> **WHAT IS EXPECTED**
Only one span of the listing below is wanted: the lines from the one with "公司披露2022年报和202" through the one with "A beautiful letter", reproduced exactly, both ends kept.

> **INPUT**
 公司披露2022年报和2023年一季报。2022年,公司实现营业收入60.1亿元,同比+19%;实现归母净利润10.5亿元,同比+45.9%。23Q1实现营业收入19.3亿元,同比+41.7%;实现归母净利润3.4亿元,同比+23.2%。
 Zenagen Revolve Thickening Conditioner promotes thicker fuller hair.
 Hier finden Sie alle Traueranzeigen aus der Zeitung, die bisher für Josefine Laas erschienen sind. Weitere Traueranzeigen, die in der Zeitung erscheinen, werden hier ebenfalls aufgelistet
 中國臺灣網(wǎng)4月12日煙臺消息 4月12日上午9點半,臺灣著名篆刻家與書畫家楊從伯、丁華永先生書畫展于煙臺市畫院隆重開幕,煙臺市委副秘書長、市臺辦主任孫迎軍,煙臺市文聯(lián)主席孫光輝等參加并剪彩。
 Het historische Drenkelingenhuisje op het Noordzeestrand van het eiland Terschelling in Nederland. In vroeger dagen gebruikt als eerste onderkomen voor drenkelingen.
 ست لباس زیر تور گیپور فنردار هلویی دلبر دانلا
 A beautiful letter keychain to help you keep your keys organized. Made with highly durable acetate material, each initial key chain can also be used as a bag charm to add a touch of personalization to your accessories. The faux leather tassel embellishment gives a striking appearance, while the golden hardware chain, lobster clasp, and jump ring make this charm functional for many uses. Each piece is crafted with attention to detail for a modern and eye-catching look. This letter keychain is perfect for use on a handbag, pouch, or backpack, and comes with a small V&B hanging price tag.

...

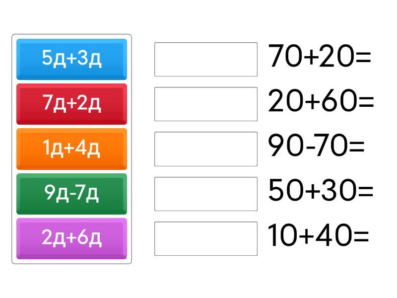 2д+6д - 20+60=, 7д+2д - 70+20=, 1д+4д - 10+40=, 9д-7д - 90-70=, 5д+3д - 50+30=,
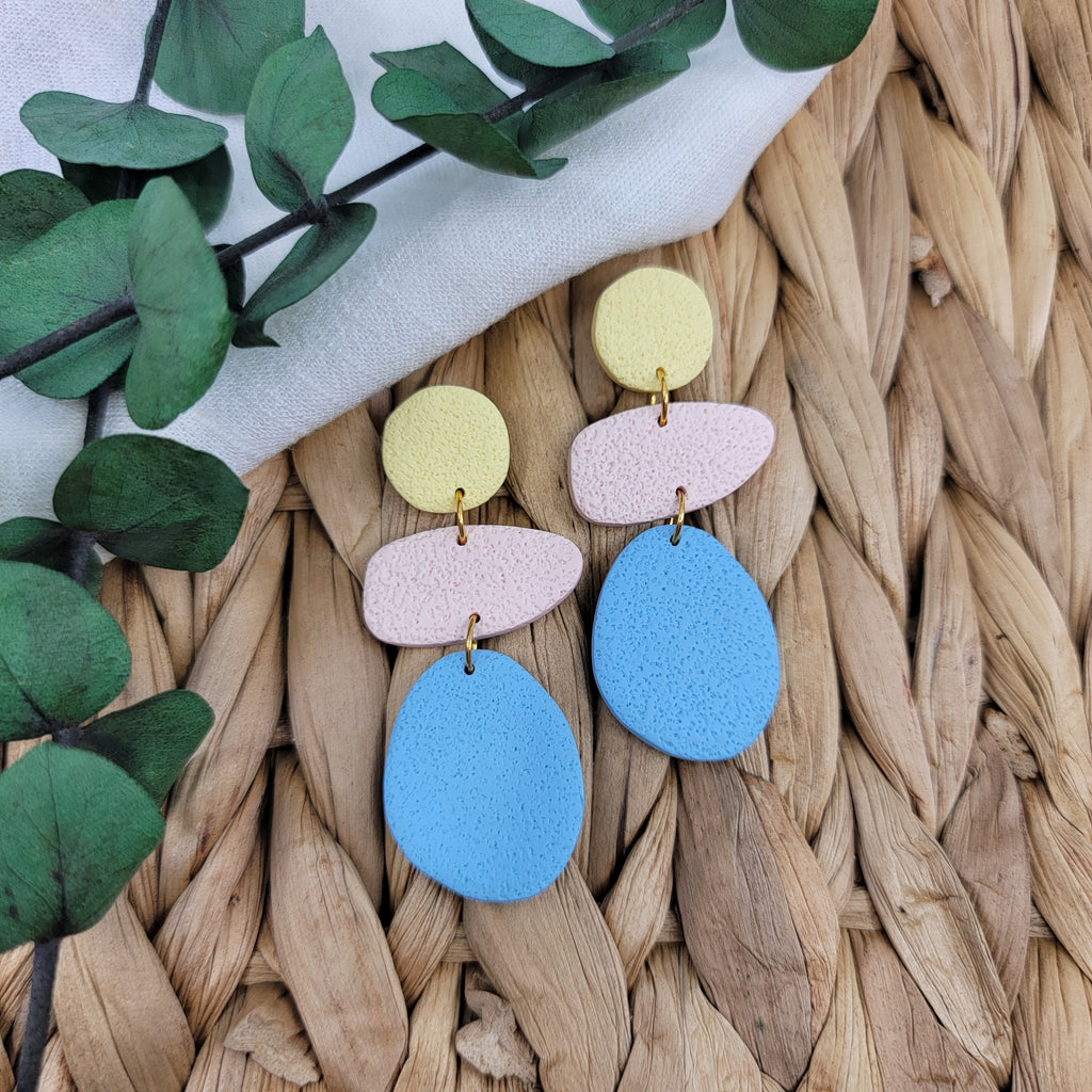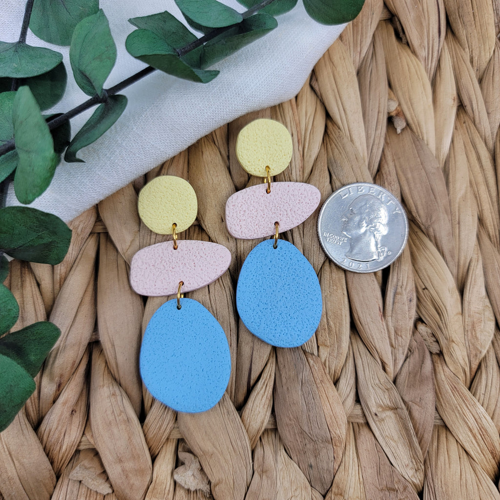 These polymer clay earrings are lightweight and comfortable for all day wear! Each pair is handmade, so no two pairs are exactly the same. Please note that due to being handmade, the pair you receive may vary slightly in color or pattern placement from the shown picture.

...

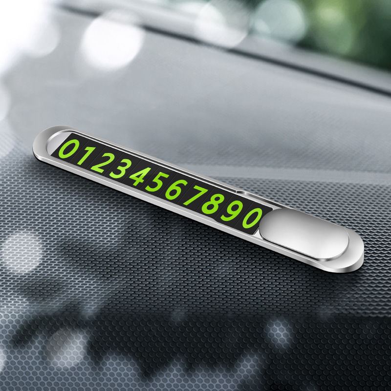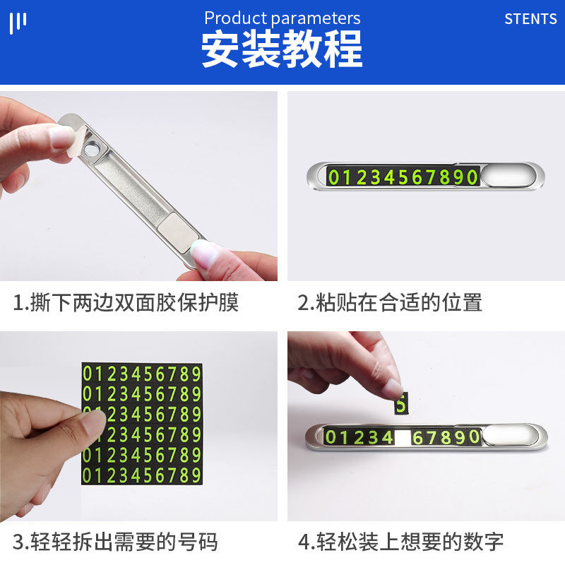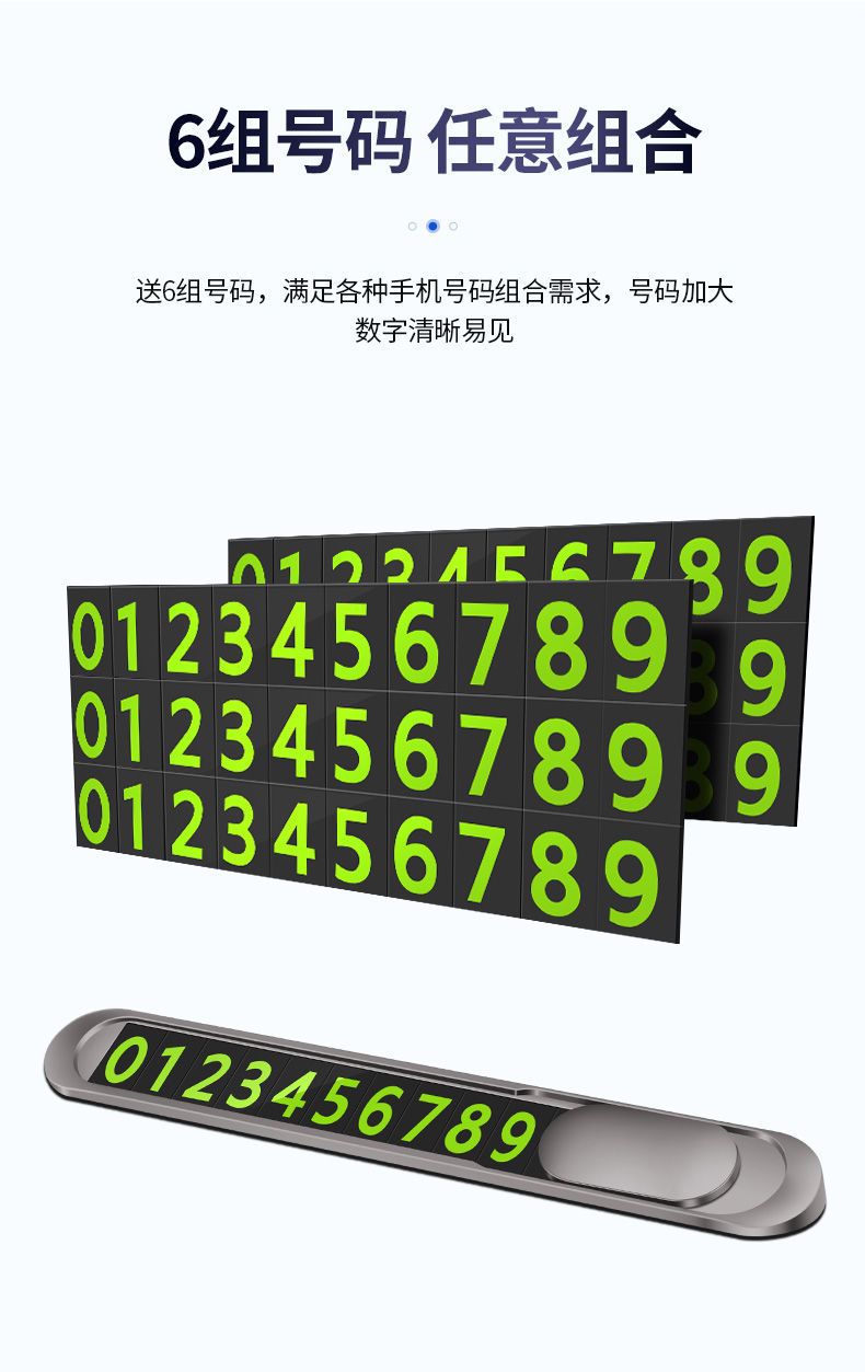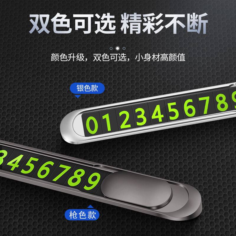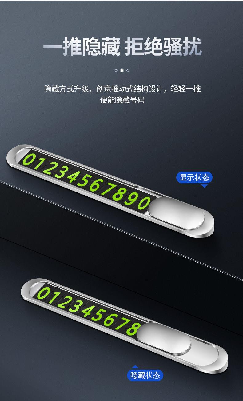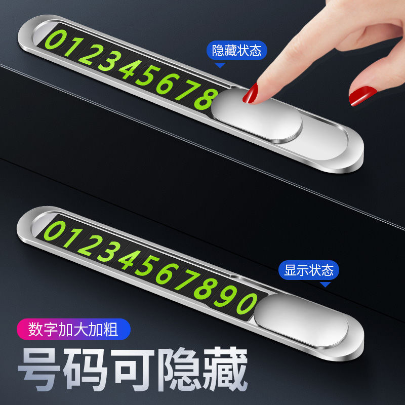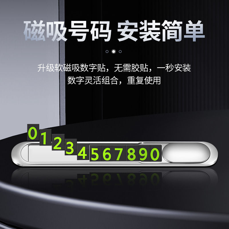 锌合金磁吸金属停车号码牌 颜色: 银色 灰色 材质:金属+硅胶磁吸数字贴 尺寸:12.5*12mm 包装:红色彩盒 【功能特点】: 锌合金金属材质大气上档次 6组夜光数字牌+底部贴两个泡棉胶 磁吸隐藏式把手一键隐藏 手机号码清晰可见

> **ANSWER SPACE**
 公司披露2022年报和2023年一季报。2022年,公司实现营业收入60.1亿元,同比+19%;实现归母净利润10.5亿元,同比+45.9%。23Q1实现营业收入19.3亿元,同比+41.7%;实现归母净利润3.4亿元,同比+23.2%。
 Zenagen Revolve Thickening Conditioner promotes thicker fuller hair.
 Hier finden Sie alle Traueranzeigen aus der Zeitung, die bisher für Josefine Laas erschienen sind. Weitere Traueranzeigen, die in der Zeitung erscheinen, werden hier ebenfalls aufgelistet
 中國臺灣網(wǎng)4月12日煙臺消息 4月12日上午9點半,臺灣著名篆刻家與書畫家楊從伯、丁華永先生書畫展于煙臺市畫院隆重開幕,煙臺市委副秘書長、市臺辦主任孫迎軍,煙臺市文聯(lián)主席孫光輝等參加并剪彩。
 Het historische Drenkelingenhuisje op het Noordzeestrand van het eiland Terschelling in Nederland. In vroeger dagen gebruikt als eerste onderkomen voor drenkelingen.
 ست لباس زیر تور گیپور فنردار هلویی دلبر دانلا
 A beautiful letter keychain to help you keep your keys organized. Made with highly durable acetate material, each initial key chain can also be used as a bag charm to add a touch of personalization to your accessories. The faux leather tassel embellishment gives a striking appearance, while the golden hardware chain, lobster clasp, and jump ring make this charm functional for many uses. Each piece is crafted with attention to detail for a modern and eye-catching look. This letter keychain is perfect for use on a handbag, pouch, or backpack, and comes with a small V&B hanging price tag.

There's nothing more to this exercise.